Besonders tückisch ist, dass bereits Arbeiten wie Bohren, Schleifen oder das Entfernen alter Bodenbeläge Fasern freisetzen können. Die Gefahrstoffverordnung (GefStoffV) und die Technische Regel für Gefahrstoffe TRGS 519 setzen daher enge Grenzen: Arbeiten an asbesthaltigen Materialien dürfen grundsätzlich nur von Fachbetrieben durchgeführt werden. Während für schwach gebundenen Asbest ein striktes Fachfirmengebot gilt, ist auch bei fest gebundenem Asbest höchste Vorsicht geboten.

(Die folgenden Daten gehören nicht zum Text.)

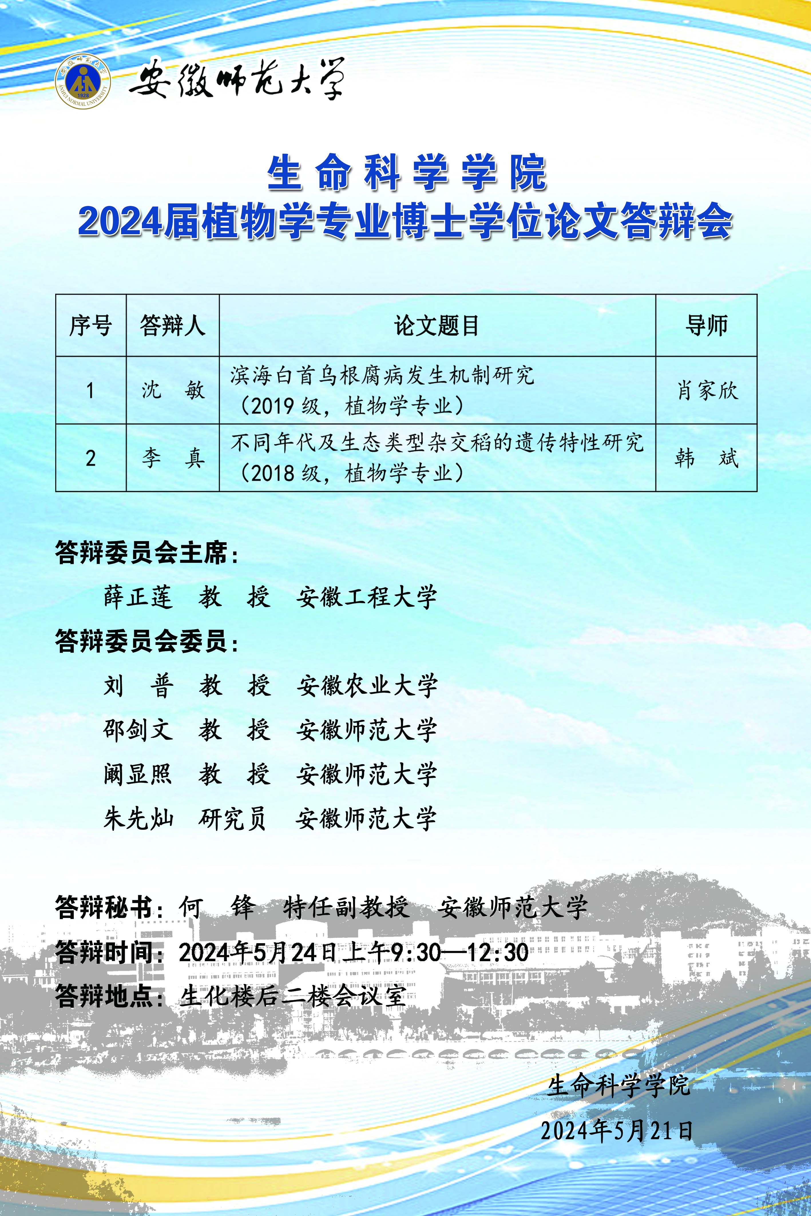 3044am永利集团官网2024届生物学专业博士研究生学位论文答辩会一(植物学)

Jede mechanische Einwirkung ist hier untersagt oder an strengste Sicherheitsauflagen gebunden, die im privaten Bereich kaum fachgerecht umsetzbar sind.
TIPP: Sie wissen nicht, wie alt Ihre Bodenbeläge sind oder welche Kleber verwendet wurden? Lassen Sie von einem entsprechend zertifizierten Fachbetrieb prüfen, ob eine Gesundheitsgefährdung durch Asbest im Fußboden besteht.

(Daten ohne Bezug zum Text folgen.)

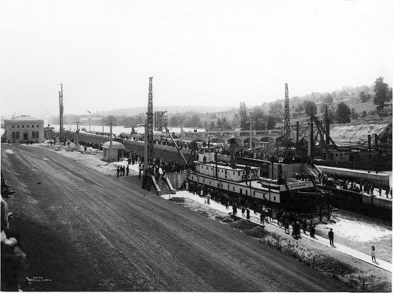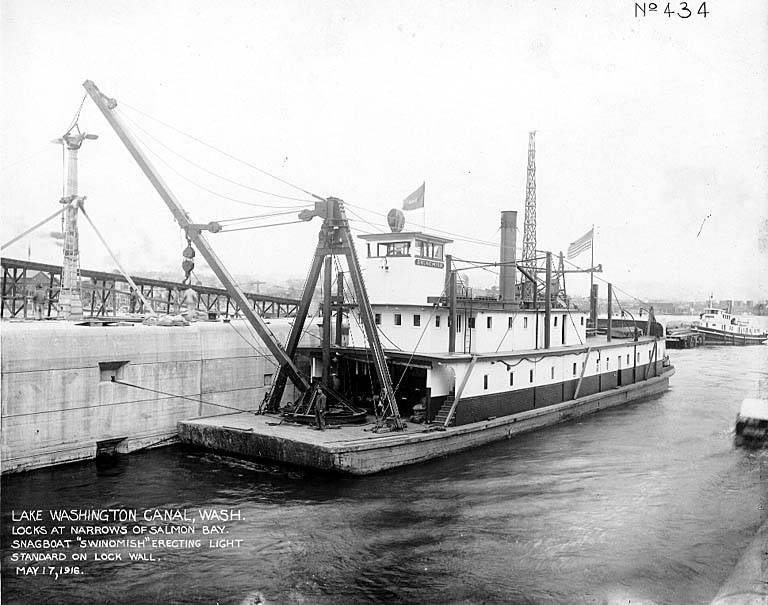 71k | Lake Washington Canal, WA. Locks at the narrows of Salmon Bay. The stern wheel snagboat USED Swinowmish erecting light standard on lock wall, 17 May 1916.

Von Belägen bis Klebern: Wo Asbest im Fußbodenbereich vorkommen kann
In der Vergangenheit wurden asbesthaltige Materialien im Bodenbereich in vielfältiger Form eingesetzt, und wurde der Fußboden seit 1993 nicht mehr komplett erneuert, droht bereits bei kleineren Renovierungsarbeiten Gefahr. Hinzu kommt: Jeder lose auf einem asbesthaltigen Untergrund verlegte Bodenbelag, egal ob Holzdiele, Fliese, Platte oder Teppich, kann durch Begehen und Verschieben die gefährlichen Fasern freisetzen.
Folgende Produkte und Schichten kommen als Träger der gefährlichen Fasern infrage:
- Floor-Flex-Platten (elastische PVC- oder Vinyl-Beläge im Quadratformat, meist 25×25, 30×30, 45×45 und 50×50 cm)
- Asbesthaltiger Bitumen- oder Lösemittelkleber (typisch dunkelbraun bis schwarz)
- Fliesenkleber mit Asbestanteil (sowohl Dünn- als auch Dickbettmörtel)
- Spachtelmassen und Ausgleichsschichten unter Laminat, Teppich oder Parkett
- Asbest im Estrich (insbesondere in Leichtestrichen zur Verbesserung von Festigkeit oder Isolation)
- Bitumenbahnen und Dämpfungsfolien als Unterlage für Bodenbeläge
- Brandschutzeinlagen oder Trägermaterialien unter Fußbodenheizungen
- Gussasphaltestriche mit Asbestfasern als Füllstoff
- Haftgrundierungen und Voranstriche auf Beton- oder Zementuntergründen
- Selbstnivellierende Spachtelmassen aus den 1970er und 1980er Jahren
Wichtig: Gebäude, die bis zu drei Jahre nach dem Asbestverbot errichtet oder saniert wurden, sind nicht automatisch asbestfrei. In der Übergangsphase wurden häufig noch Restbestände bereits produzierter Materialien verbaut. Zudem galt das Verbot in einigen europäischen Nachbarländern erst später, was durch Importe zu einer verzögerten Marktbereinigung führte.
Verdachtsmerkmale: Das kann auf Asbest im Fußboden hindeuten
Asbest lässt sich mit bloßem Auge nicht zweifelsfrei erkennen – spätestens vor mechanischen Arbeiten ist daher eine fachliche Analyse unerlässlich. Wer aber rundum sicher leben und wohnen möchte, sollte seinen älteren Bodenbereich vorsorglich auf Asbest prüfen lassen, da es auch schon im Alltag zu einer Gesundheitsgefährdung kommen kann. Klar ist: Nur im Labor kann zweifelsfrei festgestellt werden, ob asbesthaltige Materialien vorhanden sind.
Folgende Indizien sind jedoch Alarmzeichen:
- Baujahr: Errichtung oder Kernsanierung zwischen 1950 und 1990. Je näher das Baujahr an 1993 liegt, desto wahrscheinlicher sind asbesthaltige Materialien – Restbestände wurden teils noch bis 1996 verarbeitet.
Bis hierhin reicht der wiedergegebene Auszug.